Misverstand 6 ->mensen raken verslaafd omdat ze een bepaalde drug lekker
vinden
- Mensen drinken NIET omdat ze dorst hebben
- Mensen drinken NIET omdat ze bier lekker vinden
- Mensen drinken WEL omdat alcohol verdovend werkt
- Mensen drinken WEL omdat ze door alcohol hun problemen kunnen
beheersen/onderdrukken/vergeten
, PSYCHOPATHOLOGIE HCO 4 + zelfstudie
8.1 symptomatologie
Verslaving wordt vastgesteld aan de hand van 11 criteria
- 2-3 criteria voldoen -> lichte stoornis
- 4-5 criteria voldoen -> matige stoornis
- 6 of meer criteria voldoen -> ernstige stoornis
Deze 11 criteria zijn:
1. Meer of langduriger gebruik dan het plan was.
2. De aanhoudende wens het gebruik te minderen of eerdere pogingen
hebben gedaan om het gebruik te minderen.
3. Veel tijd besteden in het verkrijgen, gebruiken en herstellen na het
gebruik.
4. Sterk verlangen om te gebruiken. (→ craving)
5. Verplichtingen op het werk, school of thuis niet nakomen.
6. Sociale en interpersoonlijke problemen door het gebruik
7. Belangrijke activiteiten (sociaal of werk gerelateerd) opgeven door het
gebruik
8. Voortdurend gebruik, ook wanneer dit fysiek gevaar oplevert.
9. Voortdurend gebruik ondanks dat men weet heeft dat het gebruik
lichamelijke of psychische problemen met zich mee brengt of verergert.
10.Grotere hoeveelheden nodig hebben om het effect nog te voelen
(→tolerantie)
11.Het optreden van onttrekkings- en ontwennings- verschijnselen
! merk op dat overmatig gebruik GEEN diagnostisch criterium vormt !
! spreken over verslaving is ook altijd een beetje misleidend omdat verslaving op
zich eigenlijk niet altijd een duidelijk aflijnbaar is, omdat er binnen de diagnose
verslaving, verschillende beelden mogelijk zijn !

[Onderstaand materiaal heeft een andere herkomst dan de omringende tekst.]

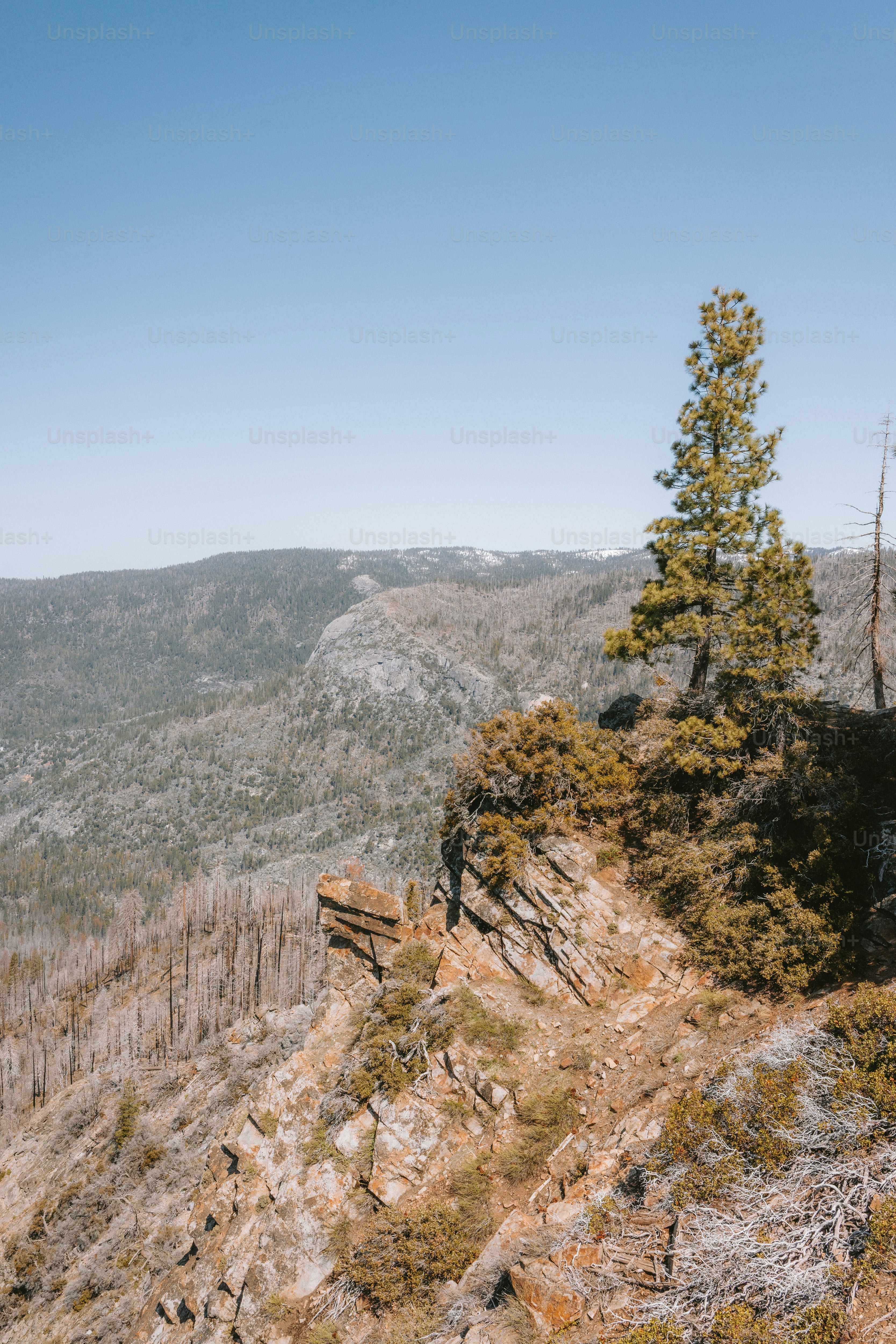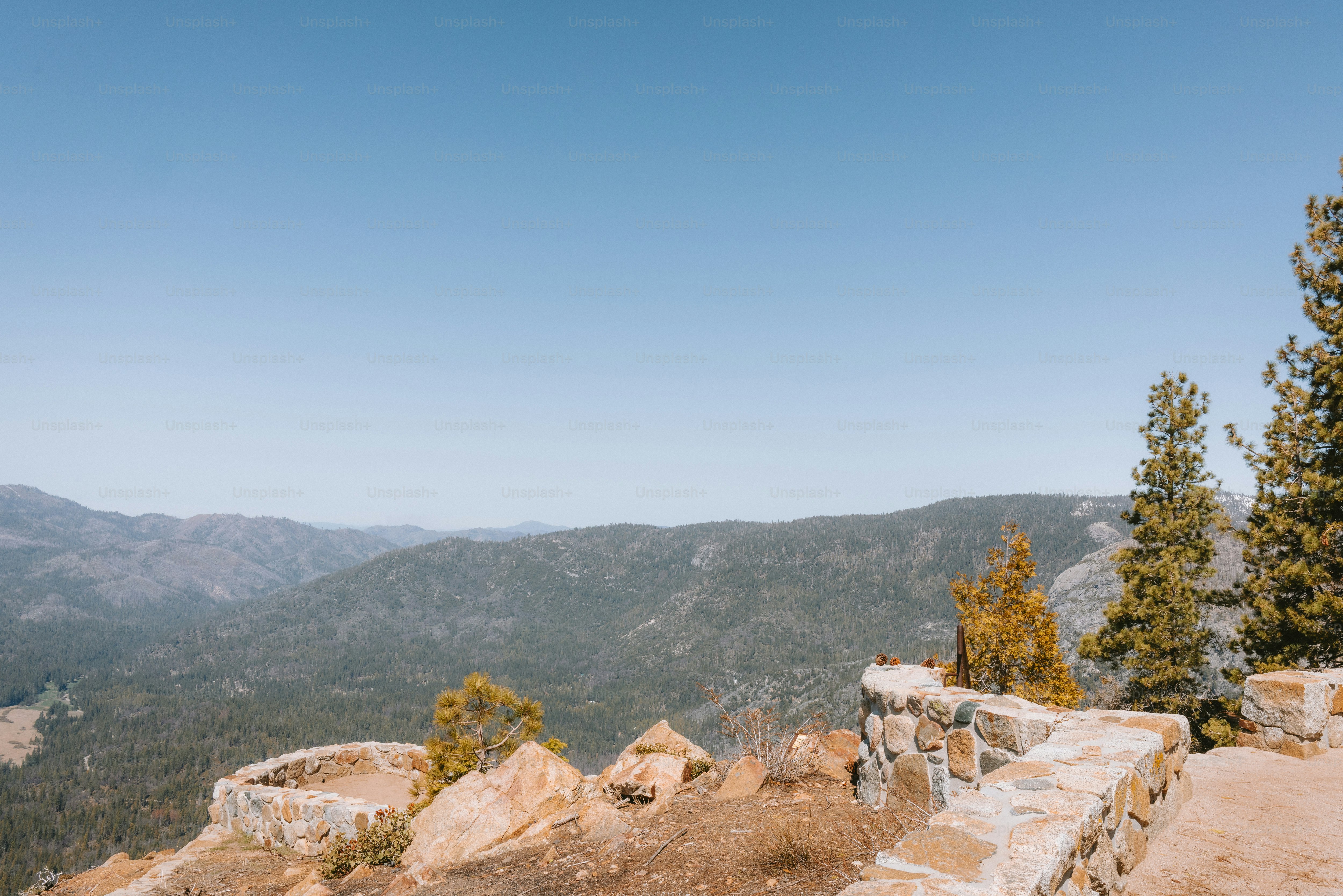 Montagne e foreste si estendono sotto un cielo blu. foto – Immagine di ...
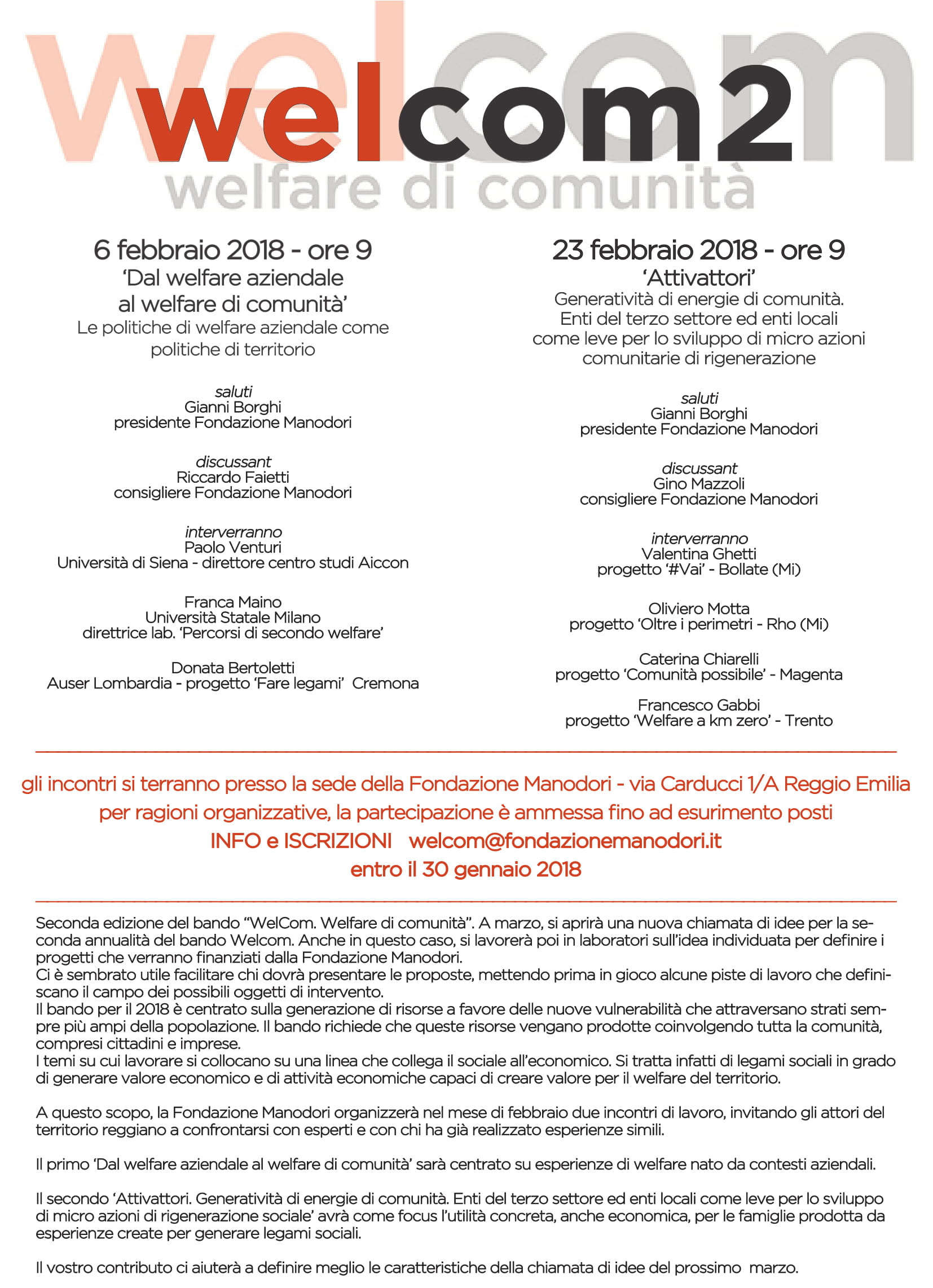 In occasione della seconda edizione del bando "WelCom. Welfare di comunità", progetto finanziato dalla Fondazione Manodori, saranno realizzati due incontri nel corso del mese di febbraio.
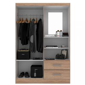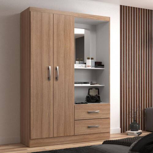 O Guarda Roupa Solteiro 2 Portas 2 Gavetas Capelinha Evidencia, a solução perfeita para quem busca boa distribuição de espaço, composto por 2 portas e 2 gavetas espaçosas, este guarda-roupa oferece praticidade e organização. Possui prateleira interna e externas, além de um cabideiro e um espelho integrado. Seu puxador das gavetas e portas é em plástico, garantindo durabilidade. Com um nicho adicional, é o produto ideal para atender suas necessidades de armazenamento com qualidade.
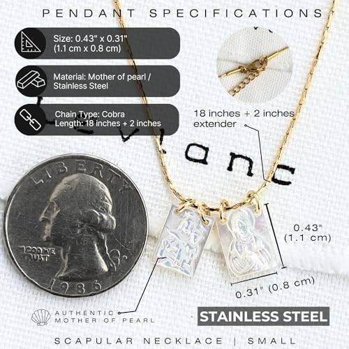 Protection Necklace – This Catholic scapular features mother of pearl and stainless steel with images of the Sacred Heart of Jesus and Virgin of Carmen (Escapulario de la virgen del carmen / Scapular of Our Lady of Mount Carmel). Combining faith and protection, it's a meaningful necklace for special occasions and moments of reflection. Sacred Heart Necklace.Authentic Mother of Pearl – Scapular pendants measuring 0.31 inches (0.8 cm) x 0.43 inches (1.1 cm) with a 2mm thickness. The Cobra chain is 18 inches + 2 inch extender is nickel and lead-free, hypoallergenic, and crafted from high-quality stainless steel.Catholic necklace for women – Handmade With Care ✦ 100% Satisfaction. Your happiness is our top priority. Each scapulars catholic necklace is Made with Love and Dedication. This Catholic necklace meets the highest quality standards.Christian Gifts for Women – Elegant christian necklace for women. Ideal for mom, daughter, wife, sister, aunt, niece, best friend, girlfriend, or yourself. Sacred heart necklace. (Escapularios catolicos)Gift Box Included – Our Scapular necklace comes in an elegant gift box. outstanding for treating yourself or a loved one on any occasion: anniversary, birthday, wedding, graduation, Christmas, Mother’s Day, Valentine’s Day or any special event. Perfect for everyday use. top-grade materials and excellent craftsmanship ensure long-lasting durability.

! alles moet steeds geïndividualiseerd worden op basis van het verloop van het
proces en de concrete invulling van de verslaving !
Gebruik is abnormaal als:
- het gebruik frequenter voorkomt dan normaal
- het gebruik ernstiger is dan normaal
- het gebruik langduriger is dan normaal
- het gebruik tot persoonlijk lijden leidt
- het gebruik het dagdagelijks functioneren verhindert
- het gebruik verhindert dan men zijn rollen kan opnemen
- het gebruik een gevaar oplevert voor de betrokkene
8.1.1 intoxicatie
, PSYCHOPATHOLOGIE HCO 4 + zelfstudie
Kenmerken van intoxicatie zijn afhankelijk van:
- middel
- dosis
- de biologische kwetsbaarheid van de gebruiker
- de verwachtingen van de gebruiker
teken van intoxicatie zijn:
- verwarring
- strijdlust
- belemmerd beoordelingsvermogen
- concentratieverlies
- belemmerde motorische en ruimtelijke vaardigheden
het risico van intoxicatie zijn de dood voor:
- de directe biochemische effecten: ademhalingsproblemen,
hartritmestoornissen levercirose, Korsakoff, kanker...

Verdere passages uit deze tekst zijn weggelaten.